Include test and confidence interval for one of the regression coefficients of either mussels data or another data set. Include the full process (hypothesis, test stat, pval, conclusion in context of problem) for hypothesis test. Include confidence interval interpretation. Include confidence interval for a mean value of y given values of x. Include corresponding prediction interval. Interpret both.
For this regression, I will be analyzing the influence of average school district income and percent of English learners on average math score. The data is from all 420 K-6 and K-8 California school districts from 1998-1999.

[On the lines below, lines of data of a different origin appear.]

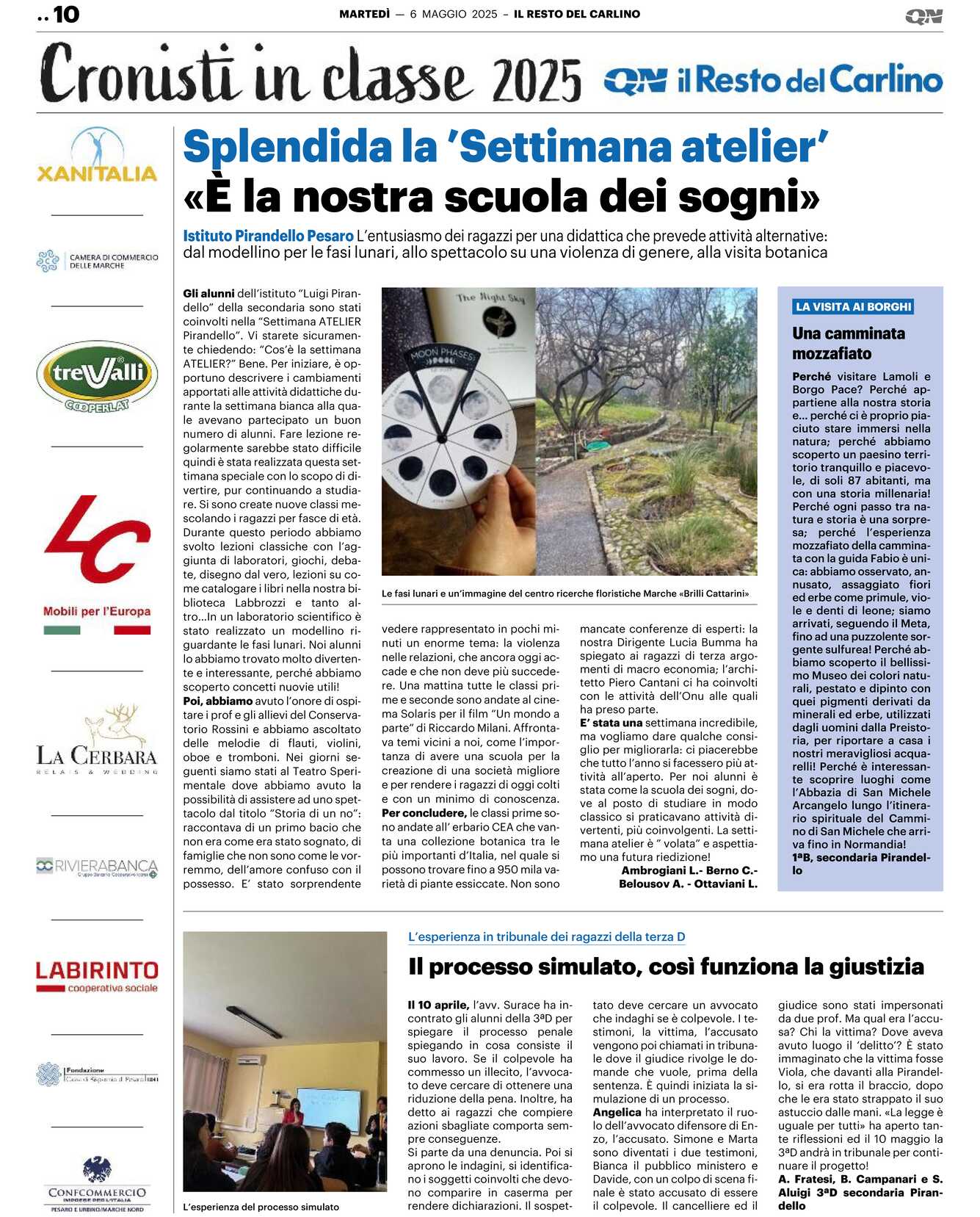 Durante questo periodo abbiamo svolto lezioni classiche con l’aggiunta di laboratori, giochi, debate, disegno dal vero, lezioni su come catalogare i libri nella nostra biblioteca Labbrozzi e tanto altro…In un laboratorio scientifico è stato realizzato un modellino riguardante le fasi lunari. Noi alunni lo abbiamo trovato molto divertente e interessante, perché abbiamo scoperto concetti nuovi e utili! Poi, abbiamo avuto l’onore di ospitare i prof e gli allievi del Conservatorio Rossini e abbiamo ascoltato delle melodie di flauti, violini, oboe e tromboni. Nei giorni seguenti siamo stati al Teatro Sperimentale dove abbiamo avuto la possibilità di assistere ad uno spettacolo dal titolo “Storia di un no”: raccontava di un primo bacio che non era come era stato sognato, di famiglie che non sono come le vorremmo, dell’amore confuso con il possesso. E’ stato sorprendente vedere rappresentato in pochi minuti un enorme tema: la violenza nelle relazioni, che ancora oggi accade e che non deve più succedere. Una mattina tutte le classi prime e seconde sono andate al cinema Solaris per il film “Un mondo a parte” di Riccardo Milani. Affrontava temi vicini a noi, come l’importanza di avere una scuola per la creazione di una società migliore e per rendere i ragazzi di oggi colti e con un minimo di conoscenza.
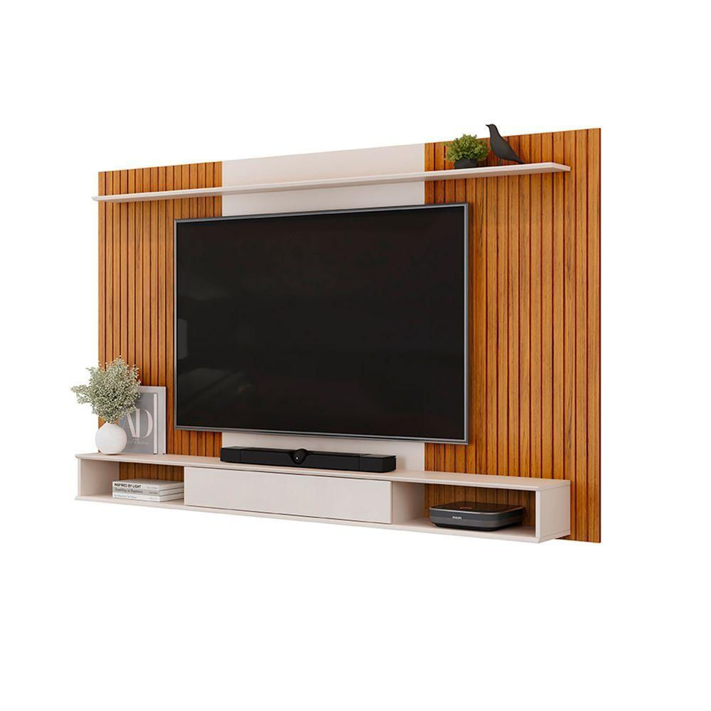Painel Leo Com Ripas E Prateleira Freijó Com Off White
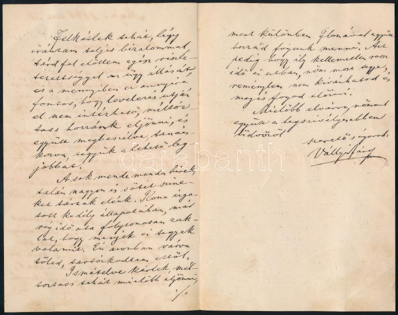 Nagykéri Vállyi János (1826 nov. 24-. 1896 aug. 3.) országos képviselő és a szatmári református egyházmegye segédgondnokánal levele egy bizonyos Sándornak. Vállyi a szabadságharc alatt nemzetőrszázados az erdélyi hadjáratban.
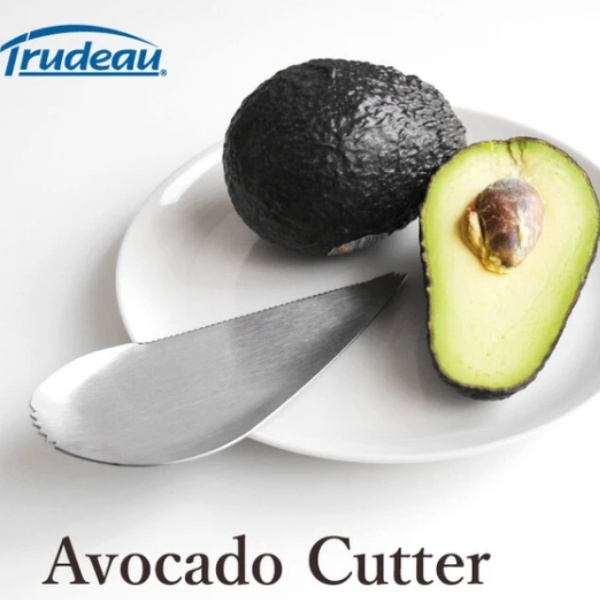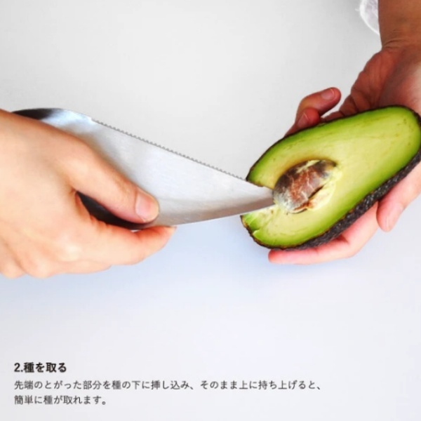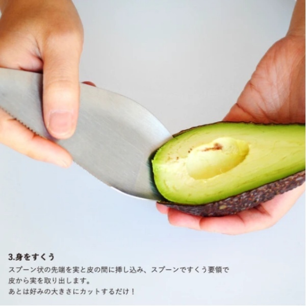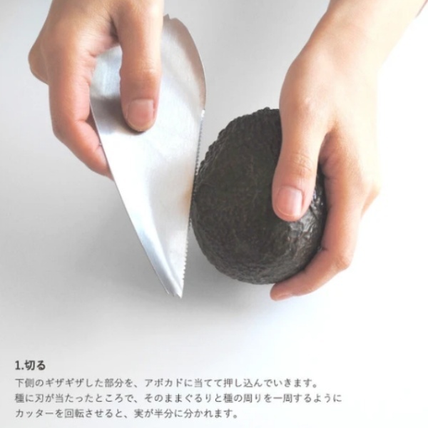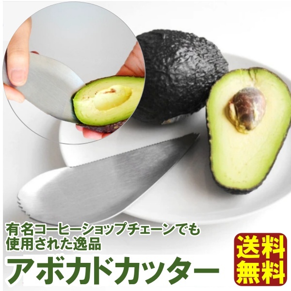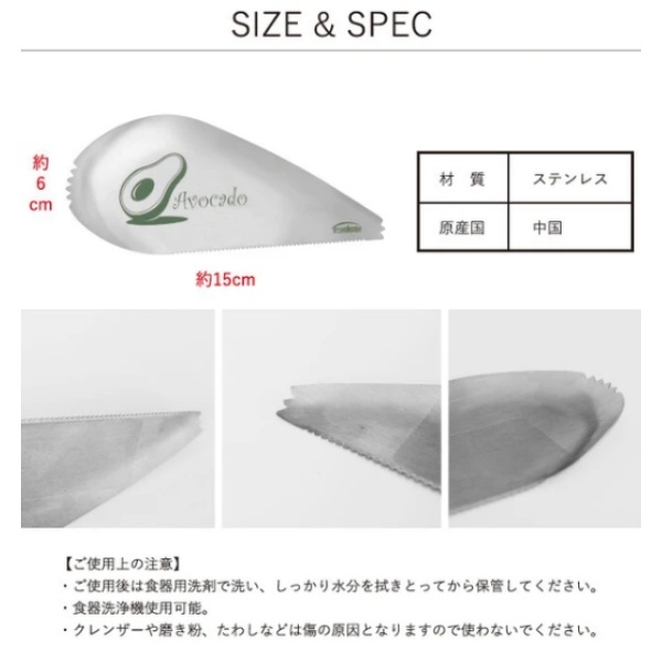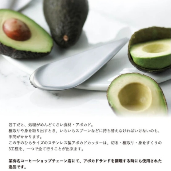【商品説明】こちらのステンレス製アボカドカッターは、カット・種取り・すくうの3工程を、一つで全て行うことが出来ます。某有名コーヒーショップチェーン店にて、アボカドサンドを調理する時にも使用された逸品です。【1.切る】下側のギザギザした部分を、アボカドに当てて押し込んでいきます。種に刃が当たったところで、そのままぐるりと種の周りを一周するようにカッターを回転させると実が半分に分かれます。【2.種を取る】先端のとがった部分を種の下に挿し込み、そのまま上に持ち上げると、簡単に種が取れます。【3.身をすくう】スプーン状の先端を実と皮の間に挿し込み、スプーンですくう要領で皮から実を取り出します。【サイズ】約150×60mm、約45g【生産国】中国(デザイン:カナダ)【素材】ステンレス【メーカー】南海通商

data("CASchools", package = "AER")
mymod <- lm(math~income + english, data = CASchools)
summary(mymod)
##
## Call:
## lm(formula = math ~ income + english, data = CASchools)
##
## Residuals:
## Min 1Q Median 3Q Max
## -41.918 -7.626 0.369 7.494 30.294
##
## Coefficients:
## Estimate Std. Error t value Pr(>|t|)
## (Intercept) 636.62931 1.58800 400.90 <2e-16 ***
## income 1.50359 0.08154 18.44 <2e-16 ***
## english -0.40059 0.03222 -12.43 <2e-16 ***
## ---
## Signif. codes: 0 '***' 0.001 '**' 0.01 '*' 0.05 '.' 0.1 ' ' 1
##
## Residual standard error: 11.48 on 417 degrees of freedom
## Multiple R-squared: 0.6273, Adjusted R-squared: 0.6255
## F-statistic: 350.9 on 2 and 417 DF, p-value: < 2.2e-16
Here we can see the values for our linear regression model, our t test values, p-values, multiple R-squared, and more. The regression equation is: y (hat)= 636.629+1.504B1-0.401B2
where the response, y, is average math score and B1 and B2 are Beta 1 and 2 respectively. It’s important to explain what this equation tells us. We know that for every increase (in 1000 USD) of average school district income, average math scores increase by 1.504 points for any percent of English learners. That is, we hold the predictor variable percent of English learners constant.

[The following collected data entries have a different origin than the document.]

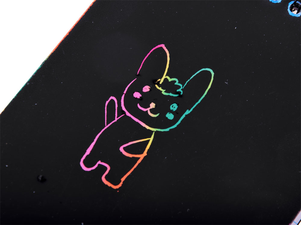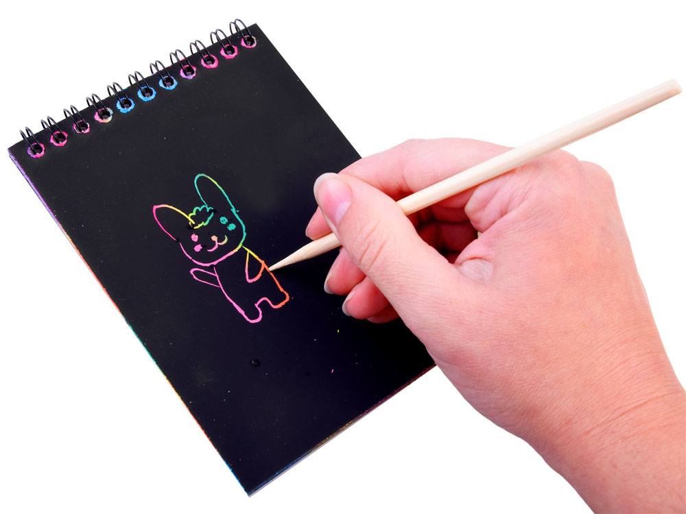 Barvni praskalni blok v barvah mavrice v praktičnem zvezku A6 z 10 stranmi bo vsakemu otroku zagotovil ustvarjalno zabavo. Beležnica s črnimi stranmi skriva čarobno ozadje, potrebujete le palico, pisalo, izpraskati vzorec, risbo in ustvariti očarljivo sliko. Otroška ustvarjalnost ne pozna meja, zato bo igranje s čarobnim zvezkom zagotovo zabavno!
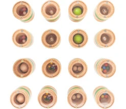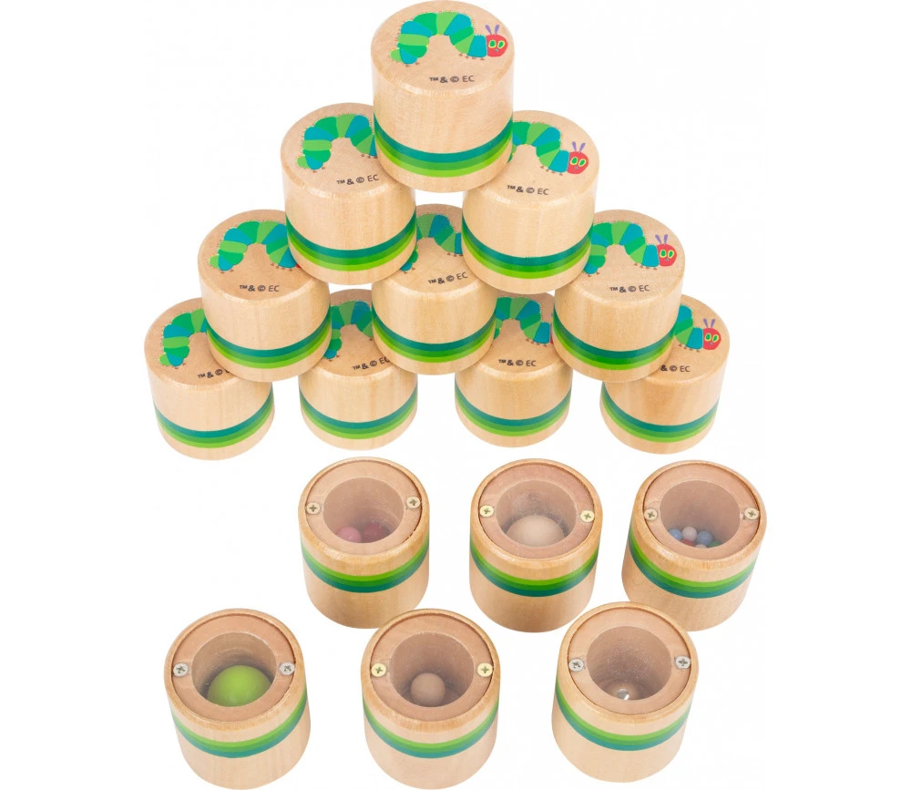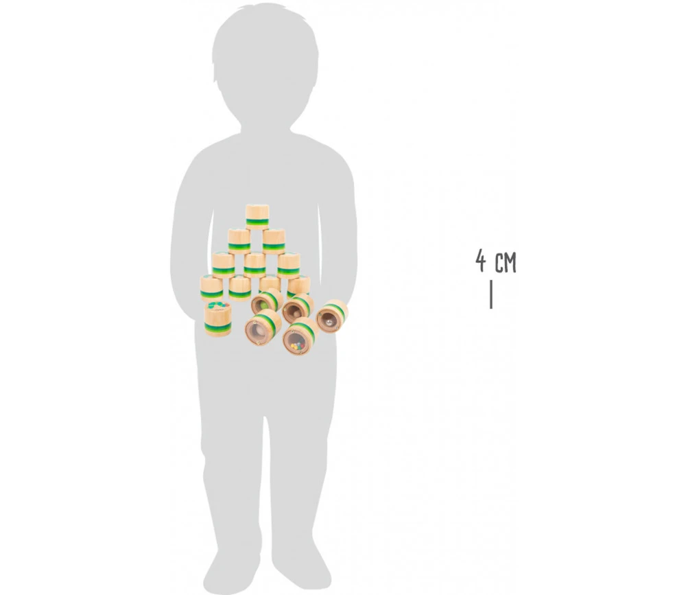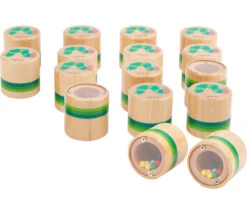 16 boites en bois avec des contenus variés (8 paires). Taille des boites : hauteur 4 cm et diamètre 4 cm. Très joli décor dans les tonalités vertes avec une chenille sur le dessus.
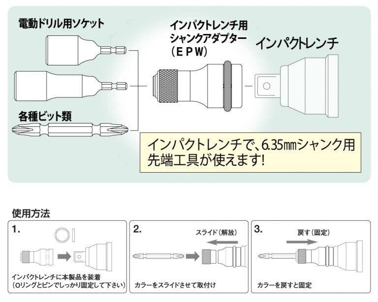 ●ワンタッチ着脱で簡単ビット交換可能です。 ●インパクトレンチに取り付け、6.35mmシャンクの各種・各サイズのソケットやドライバービットが使用できます。 ●使える工具の種類が格段に増えます。
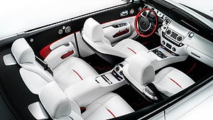 Med hjälp av formgivare från modevärlden har Rolls-Royce piffat upp Dawn-modellen med detaljer i sidentyg med unika mänster. För arbetet står Cherica Haye från Royal College of Art och läderkonstnären Michelle Lusby som tidigare arbetat åt Mulberry.

The null hypothesis is H0: B2=0 and the alternative hypothesis is HA: B2=/0. That is, we are testing if the predictor % of English learners provides information for the linear relationship with the response average math score. From the output above, the test stat for the T-test is -12.43 and the p-val is 2*10^-16, which is R’s way of telling us that the p-val is very small. Thus, we have sufficient evidence to reject the null that B2=0 and accept the alternative hypothesis that B2 does influence math scores. It should be noted that degrees of freedom is 417=420-3 which is number of data points minus 3 predictors.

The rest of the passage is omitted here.